Серебряков очнулся, с трудом отличая действительность от галлюцинаций. Позади слышались слабые хлопки выстрелов.

…Почему-то ему вспомнилась статуэтка бегуна, о которой говорил комиссар. Статуэтка с гордо откинутой головой…

Он шел теперь, сгорбившись, волоча за собой свинцовые ноги. Он натыкался на деревья, падал, полз на четвереньках, снова вставал и снова шел.

Гитлеровцы заставили его сделать большой круг. Сейчас двадцать один сорок. Судя по очертаниям гор, вгрызшихся в звездное небо, он находился на Орлином Залете. До вершины Ат-Баш, где должен быть лагерь с ранеными, напрямую километров шесть. Но это напрямую. А горной тропой не меньше десяти.

Серебряков добрался до какой-то террасы, и, напрягая глаза, всмотрелся в темноту. Вот она, Ат-Баш — смутный двуглавый конус. Близкий и такой далекий финиш.

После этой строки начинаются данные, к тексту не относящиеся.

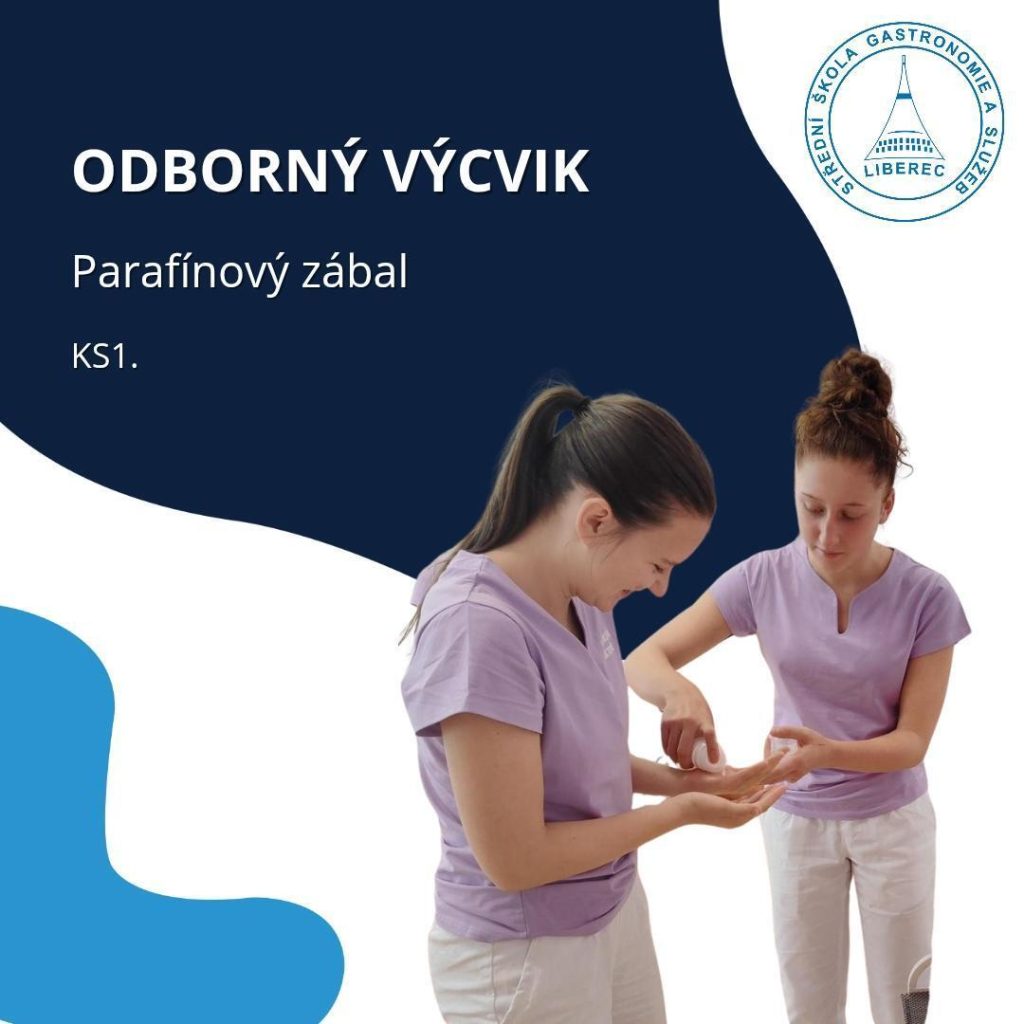 Žákyně prvního ročníku oboru Kosmetické služby si užívají podzimní počasí relaxem. Učí se parafínový zábal na ruce, který je blahodárný a krásně je prohřeje.

Но что это! Недалеко от вершины он увидел рыжеватую звездочку. Звездочка то светилась ярче, то меркла. Костер! Кроме партизан, там сейчас не может быть никого. Серебряков еще раз посмотрел на часы. Двадцать один сорок пять. Пятнадцать минут на десять километров. А звездочка костра замерцала и исчезла. Серебряков знал, что это означает. Костер погасили. Сейчас они покидают лагерь и начинают спуск. Спуск навстречу гибели. А он, спортсмен, комсомолец, стоит здесь и ничем не может помочь! Анатолий опустился на землю и прижался лбом к плоскому камню. Камень был прохладный, шершавый…

…Группу вел Алексей Черников. Местность, особенно побережье, он знал хорошо. Он умело находил тропы и лесные дороги в обход тех мест, где возможны были заставы противника.

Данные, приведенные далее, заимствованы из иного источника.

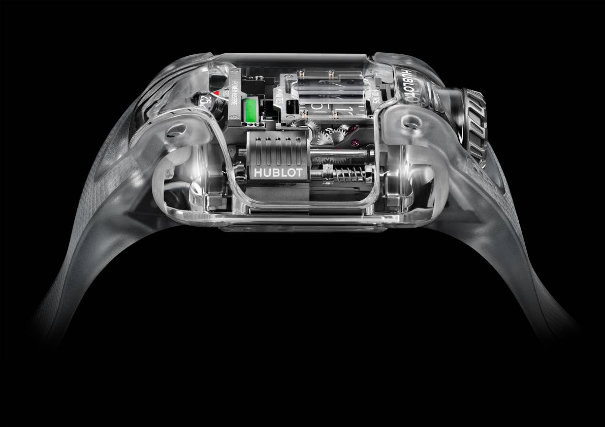 搭載的HUB9013 機芯由 592 枚零件組成,厚度 14.9 毫米,重量僅 38.4 克。採雙側 22K 白金滑軌上鍊模組,以線性運動儲能,搭配 35° 傾斜飛行陀飛輪。四組滾軸顯示時、分、秒與動力,三色動能區間清楚標示。操作方面:12 點方向錶冠用於手動上鍊,背面嵌入式旋鈕則用於調校時間。

Ночь сменилась днем, и опять наступала ночь, а люди все шли и шли, почти без сна, почти без отдыха. На коротких остановках бойцы охранения менялись местами с теми, кто тащил носилки с тяжелоранеными, но большинство раненых шли сами, поддерживая друг друга.

И вот закончился третий день этого изнурительного пути. Группа вышла на вершину Ат-Баш.

В сумерках ветер разогнал туман, и далеко внизу ненадолго показалась светло-серая громада моря; все с надеждой смотрели на него. Это был сейчас единственный путь к далекой Большой земле.

Выдали по последнему сухарю, закопали, обложив камнями, двоих умерших, развели небольшой костер и стали ждать.

Командир группы понимал, что со спуском к морю слишком торопиться не следует. Подводная лодка должна прийти к двум ноль-ноль. Лишняя минута на побережье — лишняя минута риска. Еще в штабе было решено спуск к морю начать в двадцать два часа.

Но вот подошло к концу тяжелое изнуряющее ожидание. Время — двадцать один сорок пять. Командир приказал:

— Гасить костер, готовиться к спуску!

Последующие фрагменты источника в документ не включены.